Here we are going to analyze the real-life large datasets for a music streaming service with Spark. We attempt to build machine learning models to predict the churning possibilities of the users and understand the features that contribute to the churning behaviors.

在这里,我们将分析Spark的音乐流服务的真实大型数据集。 我们试图建立机器学习模型 来预测用户的搅动可能性,并了解有助于搅动行为的功能。

Let’s start with a mini-subset (~128MB) of the large data (12 GB) first for understanding and exploring the datasets. We will load in our dataset (JSON format) through the following commands:

让我们首先从大数据(12 GB)的微型子集 (〜128MB)开始,以了解和探索数据集。 我们将通过以下命令加载数据集(JSON格式):

# Create a Spark session
spark = (SparkSession.builder
.master(“local”)
.appName(“sparkify”)
.getOrCreate())# Read the dataset
events_df = spark.read.json(‘mini_sparkify_event_data.json’)

We can also take a look at the shortcut of all the features and their datatype

我们还可以看一下所有功能及其数据类型的快捷方式

root
|-- artist: string (nullable = true)
|-- auth: string (nullable = true)
|-- firstName: string (nullable = true)
|-- gender: string (nullable = true)
|-- itemInSession: long (nullable = true)
|-- lastName: string (nullable = true)
|-- length: double (nullable = true)
|-- level: string (nullable = true)
|-- location: string (nullable = true)
|-- method: string (nullable = true)
|-- page: string (nullable = true)
|-- registration: long (nullable = true)
|-- sessionId: long (nullable = true)
|-- song: string (nullable = true)
|-- status: long (nullable = true)
|-- ts: long (nullable = true)
|-- userAgent: string (nullable = true)
|-- userId: string (nullable = true)

The feature page seems to be the most important one as it records all the user interactions.
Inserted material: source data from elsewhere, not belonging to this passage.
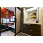 ・ニッチと列柱と付梁アクセント ・自由な色組み合わせ使いの、UBとキッチン。 ・個性的なクロス。 ・廊下スペースの有効利用。(ユーティリティー・洗濯機置場) ・ユーズド感のあるヴィンテージテイスト
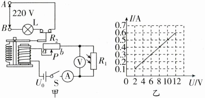 7. 小明用光敏电阻设计了一种“智能家居照明灯”电路,该照明灯实现在天暗时自动点亮,天亮时自动熄灭.如图甲所示$,R_1$为光敏电阻,阻值随光照强度变化而变化$,R_2$为滑动变阻器,电源电压U₀恒定,保持光照强度不变,闭合开关S后,滑片P由a端向b端移动过程中,电流表示数I与电压表示数U的关系如图乙所示(电磁继电器线圈的电阻不计),下列说法正确的是 (
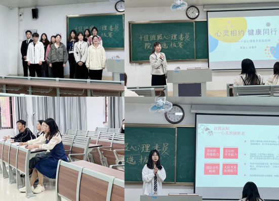 为贯彻落实公司“关于开展评选十佳心理委员的活动通知”的文件精神,提升班级心理委员的素质和修养,达到带动全班同学综合素质的提高,切实提高员工的心理健康水平的效果。公司于10月25日,在一教206举办“十佳心理委员”院级评选大赛,公司管理学员工支部书记石园园老师、公司专职辅导员郑凡、李茹、王元钊四位老师出席本次活动,本次选拔赛由2022级市场营销专业对口1班储乐主持。

The page column recorded values, such as Logout, Save Settings, Roll Advert, Settings, Submit Upgrade, Cancellation Confirmation, Add Friends, etc. Also, the Cancellation Confirmation events of page define the churn that we are interested in. (0 as un-churn, and 1 as churn)

功能页面似乎是最重要的页面 ,因为它记录了所有用户交互。 页面列记录的值,例如注销,保存设置,滚动广告,设置,提交升级,取消确认,添加朋友等。此外,页面的取消确认事件定义了我们感兴趣的用户流失。(0为un -搅动,而1为搅动)

Exploratory Data Analysis (EDA)

探索性数据分析(EDA)

We want to perform some exploratory data analysis to observe the behavior for users who stayed vs users who churned.

我们希望执行一些探索性数据分析,以观察留下的用户与搅动的用户的行为。

Image for post
Image for post

From the bar plot on the left, the average length of songs played for churn and un-churn users is generated. For un-churned users, they have longer mean length for listening to the songs compare to the other group.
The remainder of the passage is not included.